Data extract -
------

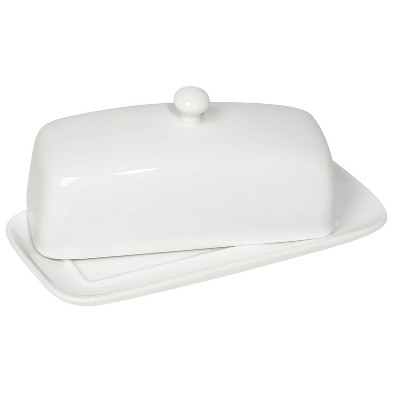 - A traditional, rectangular white butter dish looks great in any type of kitchen
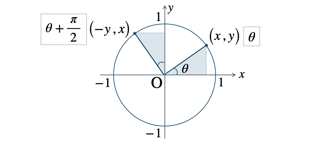 単位円上の角 \(\theta\) の点を \((x~,~y)\) とすると、角 \(\theta+\displaystyle\frac{\,\pi\,}{\,2\,}\) の点は \((-y~,~x)\) となるので、
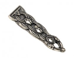 Erhältlich ist das Wikinger-Riemenende im Borrestil in messing- oder silberfarben, gefertig aus Zamakguss.

------

Exercise goal - Only the pictures are to be left out; print everything else in the listing exactly.

Response below -
 - A traditional, rectangular white butter dish looks great in any type of kitchen
 単位円上の角 \(\theta\) の点を \((x~,~y)\) とすると、角 \(\theta+\displaystyle\frac{\,\pi\,}{\,2\,}\) の点は \((-y~,~x)\) となるので、
 Erhältlich ist das Wikinger-Riemenende im Borrestil in messing- oder silberfarben, gefertig aus Zamakguss.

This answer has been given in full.